> [DATASET CONTENT]
╔══

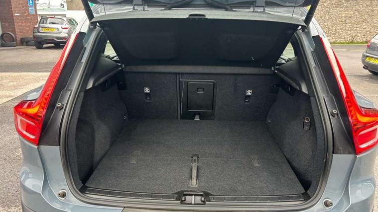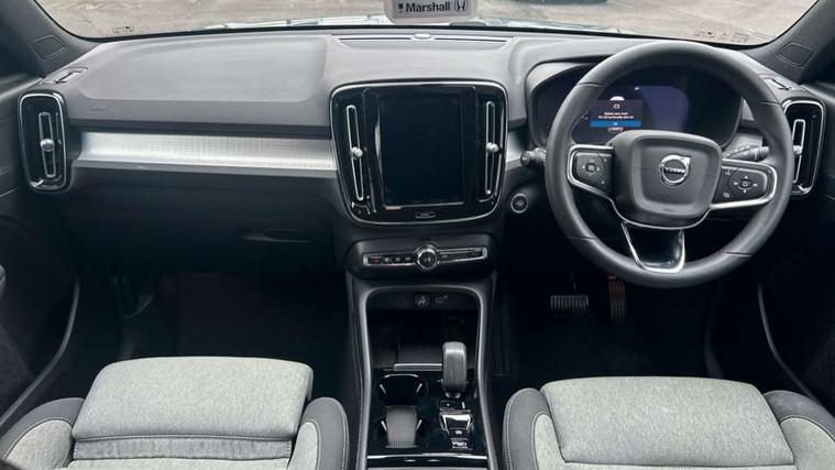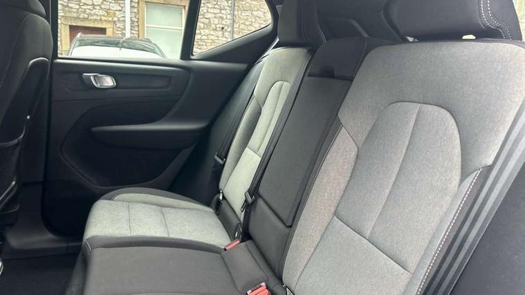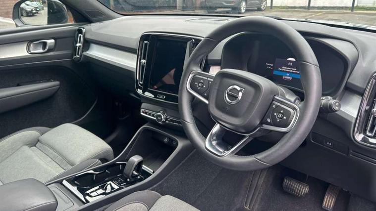 12.3" Progressive Driver Display, 9" centre console portrait touch screen, Adjustable steering wheel force, Bluetooth hands free telephone kit, Cruise control, Driver awareness - blind spot information system with steer assist, cross traffic alert with autobrake, rear collision warning and migitation, E-call, Front park assist, Google automatic services - Nav with google maps, apple carplay/android auto, voice recognition with google assistant, Hands free power tailgate, Lane keep assist with driver alert control, Oncoming Lane Mitigation, Rear park assist, Rear park assist camera, Speed limiter, Speed sensitive steering, Wireless/Inductive Mobile Phone Charging, Dynamic chassis, DAB Digital radio, High performance sound, 8 speakers/250W, front USB and 2 rear type C USB, Steering wheel mounted remote controls, Adaptive brake lights with high level LED brake lights, Auto dimming feature for exterior door mirrors, Auto dimming interior mirror, Automatic headlamp levelling, Automatic LED Headlights + Active high beam incorporating daytime running lights, Front aluminium tread plates, Front and rear electric windows, High gloss black front and rear skid plate, High gloss black mesh front grille with high gloss black surround, High gloss black window trim, Home safe and approach lighting, Integrated roof rails in high gloss black, LED front fog lights, Puddle lights, Rain sensor with automatic windscreen wiper activation, Rear side wing doors, Rear wiper, Roof antenna, Roof spoiler, Visible VIN plate, 12V socket in front tunnel console and luggage compartment, 2-Zone electronic climate control with CleanZone air quality system and pollen filter, 3 seat bench in 2nd row, 3 Spoke tailored steering wheel with chrome trim, 60/40 versatile split folding rear seat, A-pillar parking ticket holder, Ambient front door and instrumental panel lighting, Centre console cupholders and storage, Flexible load floor and grocery bag holder, Floor mats, Front door pocket and front cupholder illumination, Front footwell illumination, Front headrests, Front reading light and theatre lighting, Front seat cushion extensions, Front tunnel pocket, Glovebox bag hook, Heated front seats, Height adjustable passenger seat, Height/reach adjustable steering column, High gloss centre tunnel deco, Illuminated glovebox, Illuminated luggage compartment, Illuminated tailgate, Illuminated vanity mirrors, Integrated waste bin, Isofix attachments on outer rear seats, Load protection net, Multi directional lumbar support, Power driver seat with memory + exterior mirrors memory, Rear armrest / integral cup holders / storage tray, Rear headrests, Rear reading and courtesy lights, Single front passenger seat, Underfloor cargo storage, Climate pack without heated front seats - XC40, 3x3 point rear seatbelts, City safety with steering support with Pedestrian + cyclist + front collision warning with full auto brake and rear auto brake, Drivers knee airbag, Dual stage driver/passenger airbags, Electronic parking brake with auto hold, First aid kit, Front and outer rear seatbelt reminder and pretensioners, Front seats SIPS airbags, Hill descent control, Hill start assist, Inflatable curtain, Passenger airbag cut-off device, Power child locks on rear doors, Road sign information display, Run off Road Mitigation, Run off Road Protection, SIPS (Side Impact Protection System), Slippery road and hazard light alert, Stability and Traction Control with Spin control, Engine Drag Control and Corner Traction Control, Tyre pressure monitoring system, Vehicle deceleration control with Anti-lock Brake System, Electronic Brake Distribution and Emergency Brake Assist, Warning triangle, WHIPS whiplash protection system - front, Anti-theft alarm including immobiliser/volume sensor + level sensor, Key integrated remote control central locking + fuel flap with deadlocking system and auto open/close power windows, Keyless drive includes keyless entry and keyless start, Locking wheel nuts,
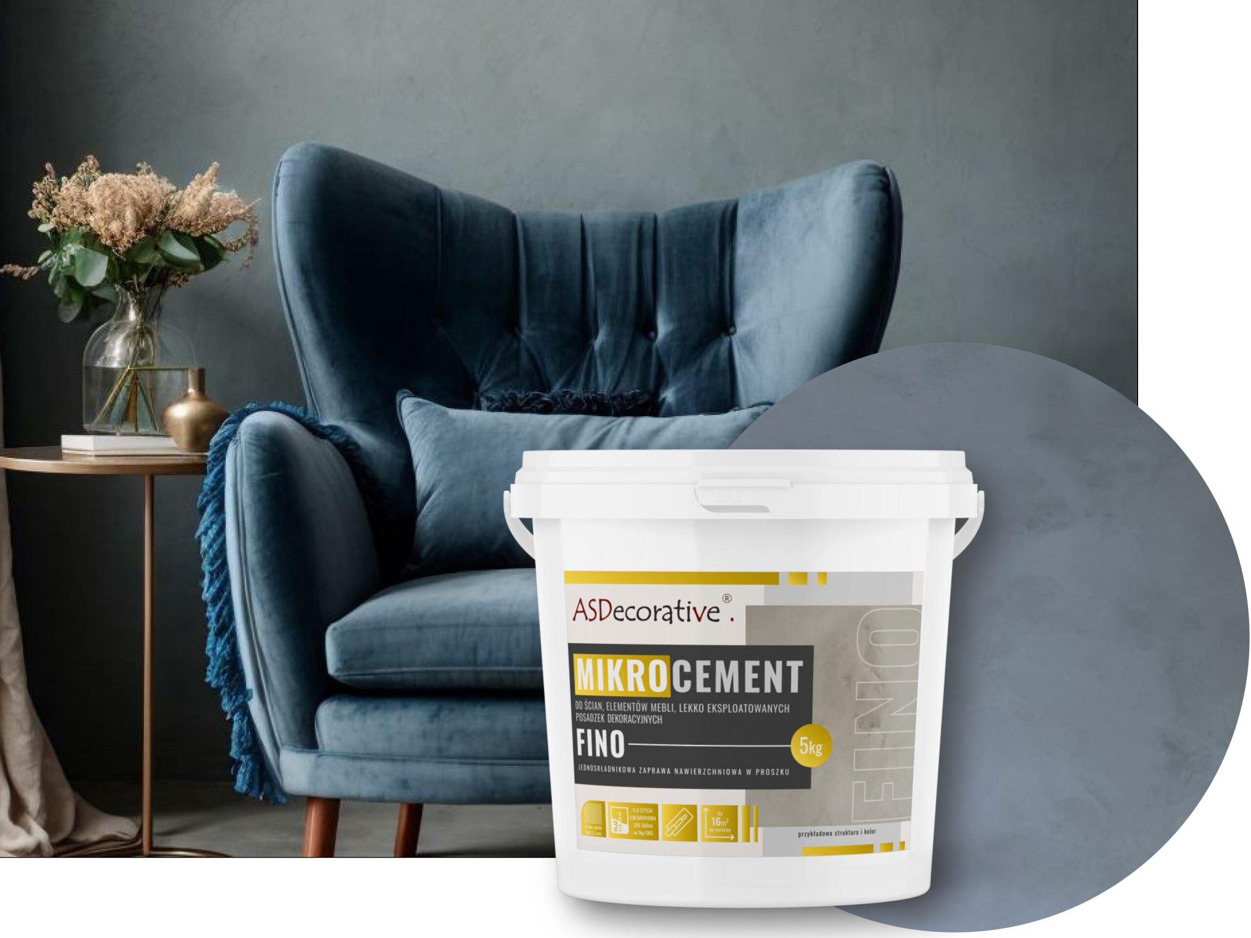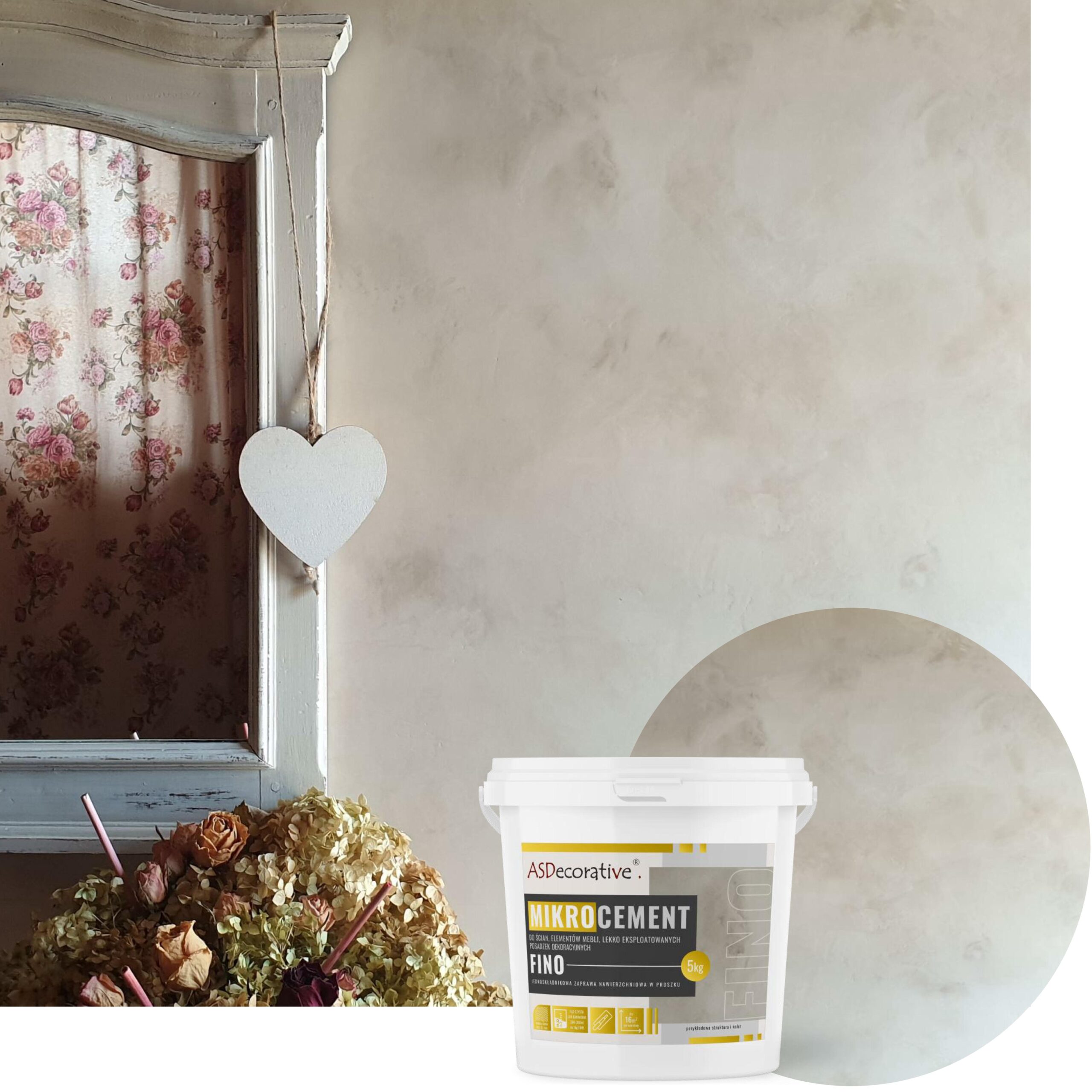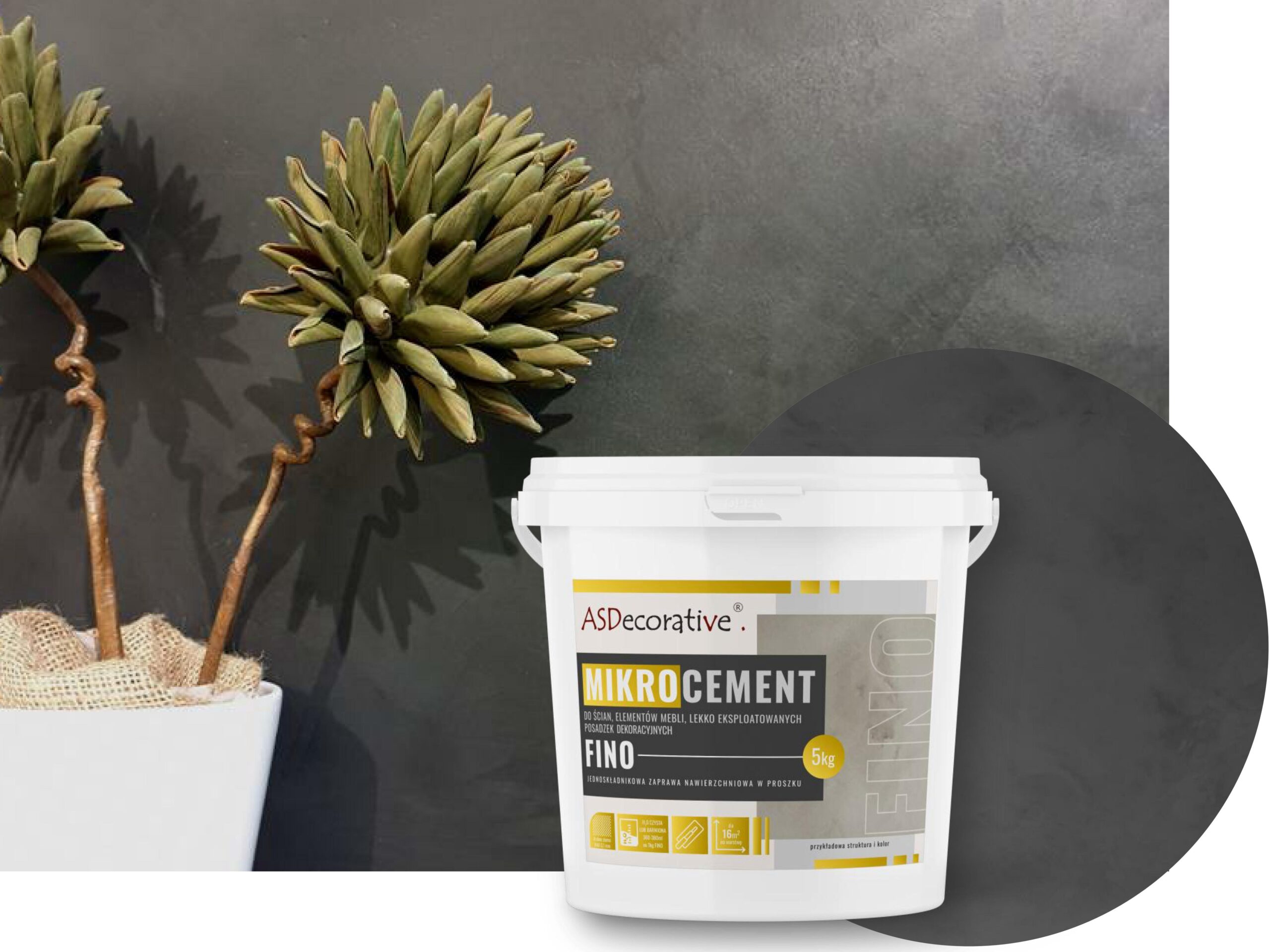 Mikrocement FINO w proszkowej odmianie stosowany najczęściej do dekoracji ścian, sufitów oraz elementów mebli, umożliwia wykonanie bardzo gładkiej powierzchni z widocznymi przebarwieniami, przypaleniami, oraz efektu „miękkiej chmurki”.
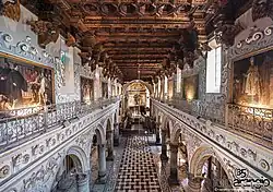 - Enna Cathedral: was built in the 14th century by queen Eleanor of Anjou, the wife of Frederick II of Aragon. It was renovated and remodeled after a fire that occurred in 1446. The great Baroque facade, in yellow tufa-stone, is surmounted by a massive campanile with finely shaped decorative elements. The portal on the right side is from the 16th century, while the other is from the original 14th-century edifice. The interior has a nave with two aisles, separated by massive Corinthian columns, and three apses. The stucco decoration is from the 16th and 17th centuries. Art works include a 15th-century crucifix panel painting, a canvas by Guglielmo Borremans, presbytery paintings by Filippo Paladini (1613), and a Baroque side portal. The cathedral's treasure is housed in the Alessi Museum, and includes precious ornaments, the gold crown with diamonds known as the "Crown of the Virgin," Byzantine icons, thousands of ancient coins, and other collections.

╚══

Reproduce the listing in full and exactly, excluding any pictures it holds.

 12.3" Progressive Driver Display, 9" centre console portrait touch screen, Adjustable steering wheel force, Bluetooth hands free telephone kit, Cruise control, Driver awareness - blind spot information system with steer assist, cross traffic alert with autobrake, rear collision warning and migitation, E-call, Front park assist, Google automatic services - Nav with google maps, apple carplay/android auto, voice recognition with google assistant, Hands free power tailgate, Lane keep assist with driver alert control, Oncoming Lane Mitigation, Rear park assist, Rear park assist camera, Speed limiter, Speed sensitive steering, Wireless/Inductive Mobile Phone Charging, Dynamic chassis, DAB Digital radio, High performance sound, 8 speakers/250W, front USB and 2 rear type C USB, Steering wheel mounted remote controls, Adaptive brake lights with high level LED brake lights, Auto dimming feature for exterior door mirrors, Auto dimming interior mirror, Automatic headlamp levelling, Automatic LED Headlights + Active high beam incorporating daytime running lights, Front aluminium tread plates, Front and rear electric windows, High gloss black front and rear skid plate, High gloss black mesh front grille with high gloss black surround, High gloss black window trim, Home safe and approach lighting, Integrated roof rails in high gloss black, LED front fog lights, Puddle lights, Rain sensor with automatic windscreen wiper activation, Rear side wing doors, Rear wiper, Roof antenna, Roof spoiler, Visible VIN plate, 12V socket in front tunnel console and luggage compartment, 2-Zone electronic climate control with CleanZone air quality system and pollen filter, 3 seat bench in 2nd row, 3 Spoke tailored steering wheel with chrome trim, 60/40 versatile split folding rear seat, A-pillar parking ticket holder, Ambient front door and instrumental panel lighting, Centre console cupholders and storage, Flexible load floor and grocery bag holder, Floor mats, Front door pocket and front cupholder illumination, Front footwell illumination, Front headrests, Front reading light and theatre lighting, Front seat cushion extensions, Front tunnel pocket, Glovebox bag hook, Heated front seats, Height adjustable passenger seat, Height/reach adjustable steering column, High gloss centre tunnel deco, Illuminated glovebox, Illuminated luggage compartment, Illuminated tailgate, Illuminated vanity mirrors, Integrated waste bin, Isofix attachments on outer rear seats, Load protection net, Multi directional lumbar support, Power driver seat with memory + exterior mirrors memory, Rear armrest / integral cup holders / storage tray, Rear headrests, Rear reading and courtesy lights, Single front passenger seat, Underfloor cargo storage, Climate pack without heated front seats - XC40, 3x3 point rear seatbelts, City safety with steering support with Pedestrian + cyclist + front collision warning with full auto brake and rear auto brake, Drivers knee airbag, Dual stage driver/passenger airbags, Electronic parking brake with auto hold, First aid kit, Front and outer rear seatbelt reminder and pretensioners, Front seats SIPS airbags, Hill descent control, Hill start assist, Inflatable curtain, Passenger airbag cut-off device, Power child locks on rear doors, Road sign information display, Run off Road Mitigation, Run off Road Protection, SIPS (Side Impact Protection System), Slippery road and hazard light alert, Stability and Traction Control with Spin control, Engine Drag Control and Corner Traction Control, Tyre pressure monitoring system, Vehicle deceleration control with Anti-lock Brake System, Electronic Brake Distribution and Emergency Brake Assist, Warning triangle, WHIPS whiplash protection system - front, Anti-theft alarm including immobiliser/volume sensor + level sensor, Key integrated remote control central locking + fuel flap with deadlocking system and auto open/close power windows, Keyless drive includes keyless entry and keyless start, Locking wheel nuts,
 Mikrocement FINO w proszkowej odmianie stosowany najczęściej do dekoracji ścian, sufitów oraz elementów mebli, umożliwia wykonanie bardzo gładkiej powierzchni z widocznymi przebarwieniami, przypaleniami, oraz efektu „miękkiej chmurki”.
 - Enna Cathedral: was built in the 14th century by queen Eleanor of Anjou, the wife of Frederick II of Aragon. It was renovated and remodeled after a fire that occurred in 1446. The great Baroque facade, in yellow tufa-stone, is surmounted by a massive campanile with finely shaped decorative elements. The portal on the right side is from the 16th century, while the other is from the original 14th-century edifice. The interior has a nave with two aisles, separated by massive Corinthian columns, and three apses. The stucco decoration is from the 16th and 17th centuries. Art works include a 15th-century crucifix panel painting, a canvas by Guglielmo Borremans, presbytery paintings by Filippo Paladini (1613), and a Baroque side portal. The cathedral's treasure is housed in the Alessi Museum, and includes precious ornaments, the gold crown with diamonds known as the "Crown of the Virgin," Byzantine icons, thousands of ancient coins, and other collections.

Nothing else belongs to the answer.